Wolfgang Liedtke, MD, PhD, PI
We study sensory neurobiology of pain with focus on calcium-related signaling mechanisms. To better understand chronic, pathological pain at the organismal level, we use genetic model organisms from invertebrate to rodent. Our approaches include behavioral, structural and molecular studies, advanced imaging, and patch-clamp electrophysiology.
The Liedtke-Lab is housed in the Duke University Dept. of Neurology. Dr. Wolfgang Liedtke (PI) is also affiliated with the Depts. of Neurobiology and Anesthesiology. In addition, he was the first hire in the Duke Center for Translational Neuroscience.
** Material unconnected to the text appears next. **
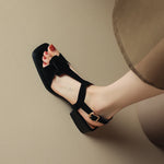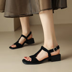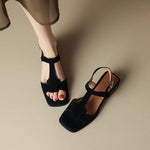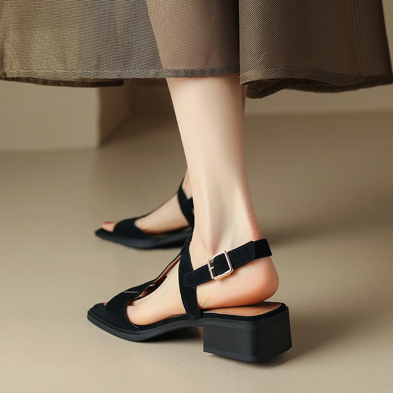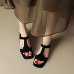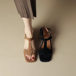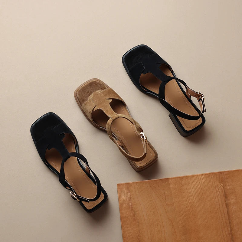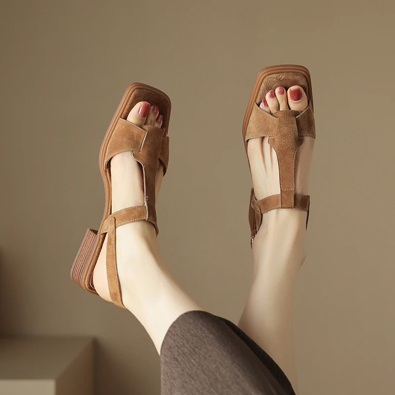 Vintage charm with modern ease—these suede sandals feature a soft T-strap silhouette, cushioned mid-heel, and a squared toe for a refined finish. Designed to move with you from café mornings to gallery nights.

The experimental agenda of the Liedtke Lab is in keeping with Dr. Liedtke's clinical focus on chronic trigeminal pain disorders in his outpatient clinics in the Duke Neurology Clinics for Headaches, Head-Pain and Trigeminal Sensory Disorders. His clinics draws nation-wide referrals.
We aim to deconstruct sensing mechanisms at the molecular, cellular, organ/systems and organismal level. The sensory system most pertinent for our mission is the nociceptive system, which is necessary to evoke pain in conscious animals including humans, yet directs aversive behavior in virtually all animals that have a nervous system. Because of the relevance for pain and nociception, besides tonicity and mechanical stimuli, patho-physiologically relevant modulatory co-stimuli such as inflammatory and tissue-injury mediators are also being considered. To fulfill this mission, the Liedtke-Lab is focused on the TRPV4 ion channel as a key signaling molecule. TRPV4 was first described (as vanilloid-receptor related osmotically activated receptor, VR-OAC) in a landmark Liedtke-et-al paper in Cell in October 2000, the first account of its function in live animals in two PNAS papers in 2003. Therefore, the focus of the Liedtke-Lab remains on transduction mechanisms of TRPV4, with additional attention dedicated to its invertebrate orthologue OSM-9 (C. elegans). The unexpected discovery of TRPV4 as a UVB-receptor in skin keratinocytes is certainly a recent highlight of discovery in the Liedtke-Lab. Other prominent work led to the definition of TRPV4 as a rational therapeutic target for trigeminal pain and inflammatory disorders. Novel small-molecule blockers of TRPV4 have been generated in the Liedtke-Lab.
Related to “noci-transmission”, neural transmission of pain-evoking stimuli is also being explored: The Liedtke-Lab is also interested in calcium-dependent gene-regulation of Kcc2, which codes for a chloride extruding transporter molecule in CNS neurons. Dysregulation of this gene has relevance for chronic pain, epilepsy and neural injury.
Related to chronic joint dysfunction and joint pain, the Liedtke-Lab has engaged in a long-standing, fruitful and successful collaboration with prominent skeletal bio-engineer Dr. Farshid Guilak, leading to specific novel insights into molecular mechanisms of osmo- and mechanotransduction in cartilage, implicating mechanosensory TRPV4 and Piezo1 and -2 channels for the continuum of mechanical cues that joint cartilage is subject to, from physiologic load to injurious stress.